Preparation of Alum from Aluminum Metal

Preparation of Alum from Aluminum Metal
By: Rachel Buckley, Alexa Kirchharr

Abstract:

The purpose of this experiment, Preparation of Alum from Aluminum Metal, was to extract alum from aluminum metal, and to find the percent yield of the alum from the aluminum metal. The experiment was carried out through a series of processes using aluminum foil, potassium hydroxide, and sulfuric acid.

Materials and Methods:

The first part of this experiment was to dissolve the aluminum foil in 1.5 M of potassium hydroxide by placing both in a beaker and placing it on a hot plate heated to a temperature of 250° C. Once the solution started to bubble vigorously, it was removed from the hot plate and continually stirred to dissolve all of the aluminum foil. The solution turned a grey/black color. During this process, hydrogen gas is released.

Once the aluminum was fully dissolved, the solution was filtered through a Buchner funnel lined with filter paper, which removed the undissolved plastic lining and paint that was present from the aluminum foil. The solution that was drained was then transferred into a beaker and 20 mL of 9 M sulfuric acid was added to it. This solution was then placed in an ice bath for about 15 minutes, to allow the solution to produce white crystals, which are the alum.

While the crystals were forming, the filter paper from the draining was rinsed through the Buchner funnel using water, to collect the paint and undissolved plastic in a pile to weigh using an analytical balance. The mass was then recorded and used to calculate the percent yield of alum.

Once the crystals were formed, the solution was drained again into the Buchner funnel, except with a different piece of filter paper. Ethanol was used to dry up the crystals and remove all the water. Once the crystals were drained, they were weighed along with the filter paper and the mass was recorded.

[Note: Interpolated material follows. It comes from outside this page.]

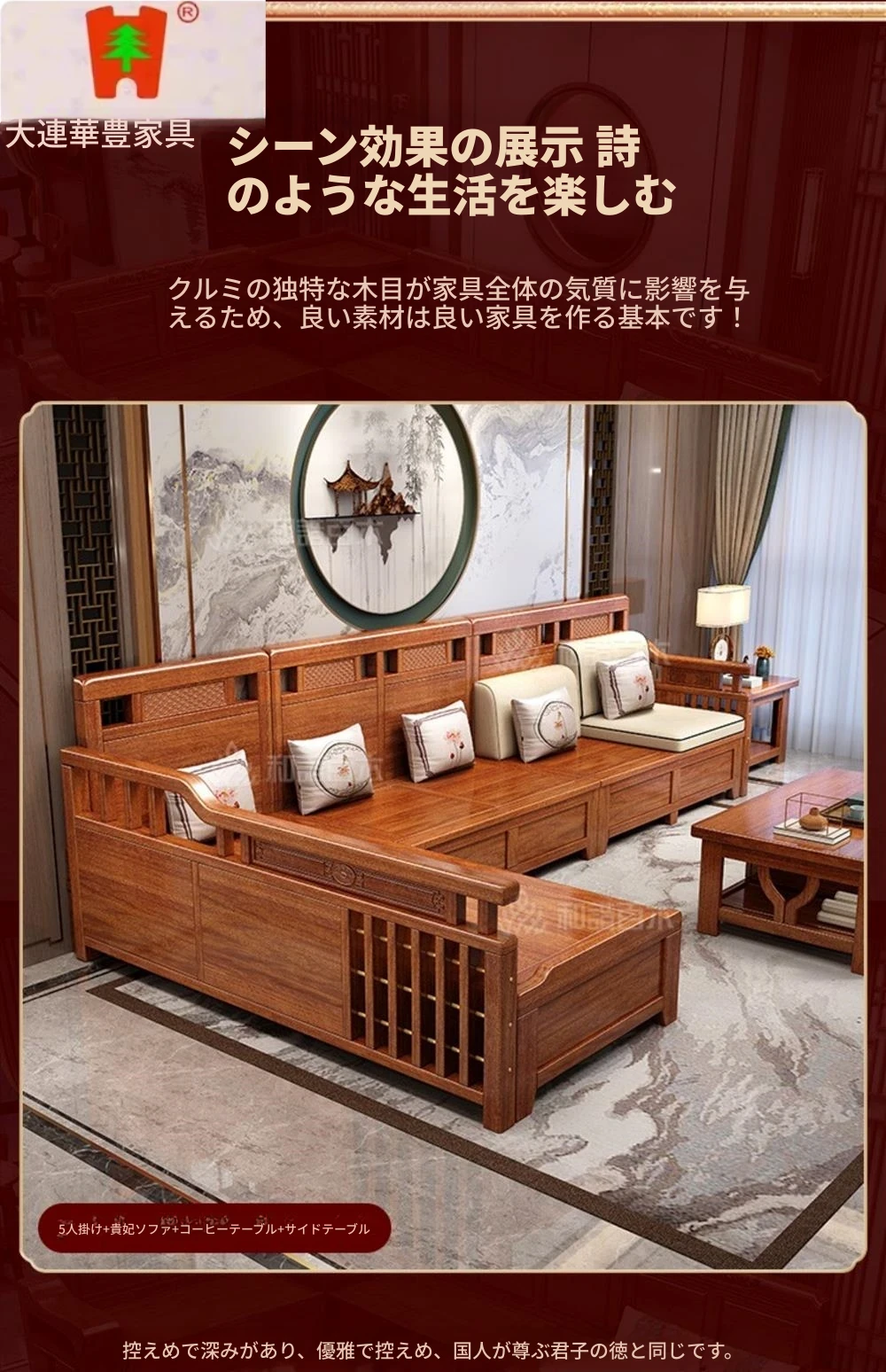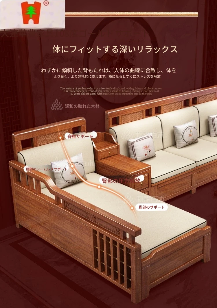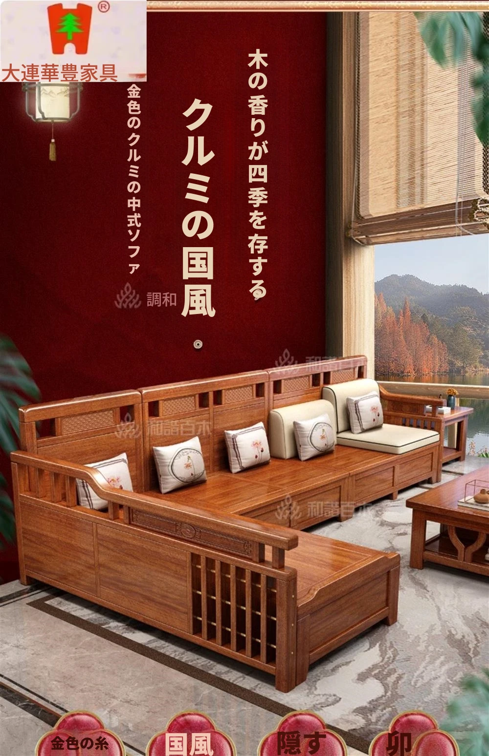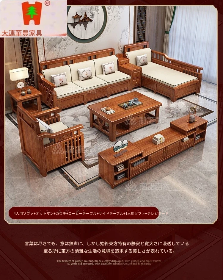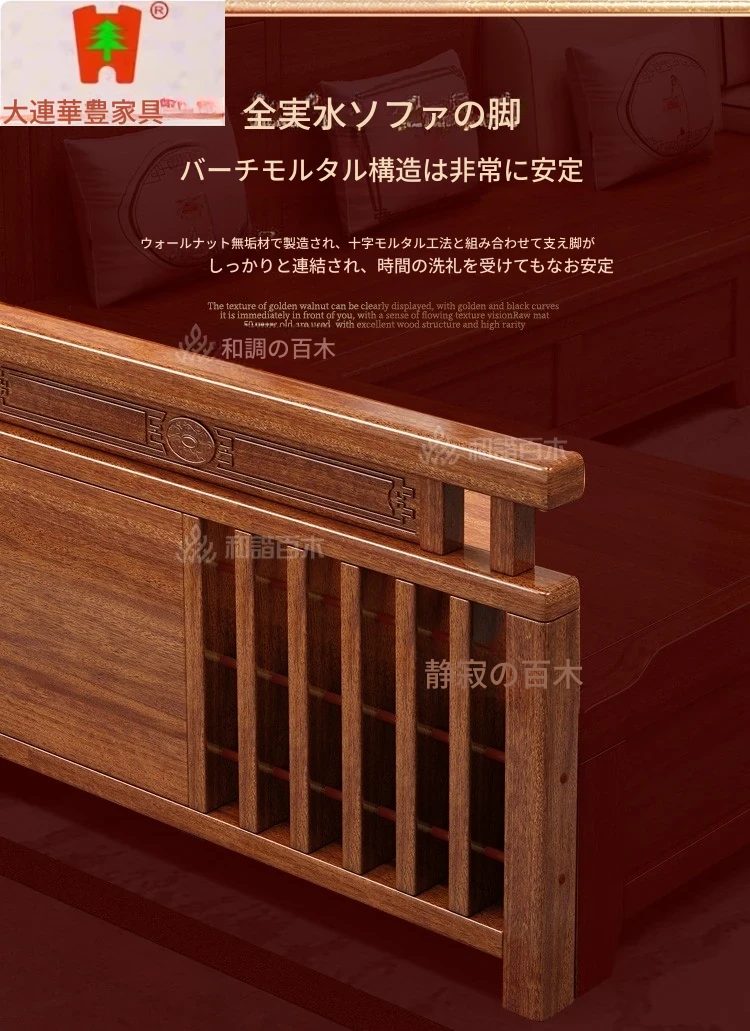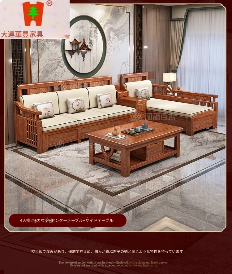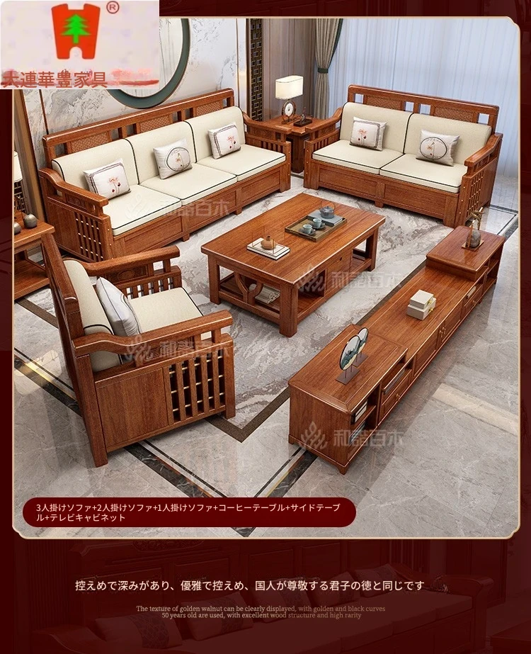 大連華豊公式フラッグシップ店のウォールナット無垢材ソファセット - モダンなリビングに最適!小型住宅にもフィットするシンプルでスタイリッシュな木製ソファ。快適さとデザインの両立を実現!

Observations and Discussions:

The amount of aluminum foil used to perform this experiment was 1.9648, and this mass was used to calculate the theoretical yield using the equation: (grams of product)=(grams of reactant)x(1 mole of reactant/molar mass of reactant)x(mole ratio of product/reactant)x(molar mass of product/1 mole). The theoretical yield turned out to be 34.547, because the mole to mole ratio of reactant to product was one to one, and the molar mass of the product was 474.39 g. The percent yield was calculated using the equation (mass of actual yield/mass of theoretical yield)x100. The mass of actual yield was the weight of the product, and the mass of theoretical yield was the number calculated using the first equation.

The percent yield found was about what was expected, for there was some error due to water and ethanol not being fully removed, because the crystals were not given enough time for water and ethanol to evaporate. There was also some missing due to the fact that alum is very soluble in water, and the addition of water caused some of the alum to dissolve. The alum could be recovered by repeating the crystallization process again, using the solution that was drained from the crystals in the last part of the experiment.

The reason the percent yield was under 100% could be due to the fact that some of the reactant did not react, instead it just stayed in its original form. Also, some of the product may have been lost when transferred from one container to another.

Conclusion:

The experiment performed, Preparation of Alum from Aluminum Metal, was used to separate and extract alum from the paint and plastic materials present in aluminum foil. The experiment used potassium hydroxide and sulfuric acid to extract the alum, and in turn, was part of the formation of the alum. The experiment was overall successful, and it is also a successful way to reduce waste and recycle aluminum of all kinds to produce new materials.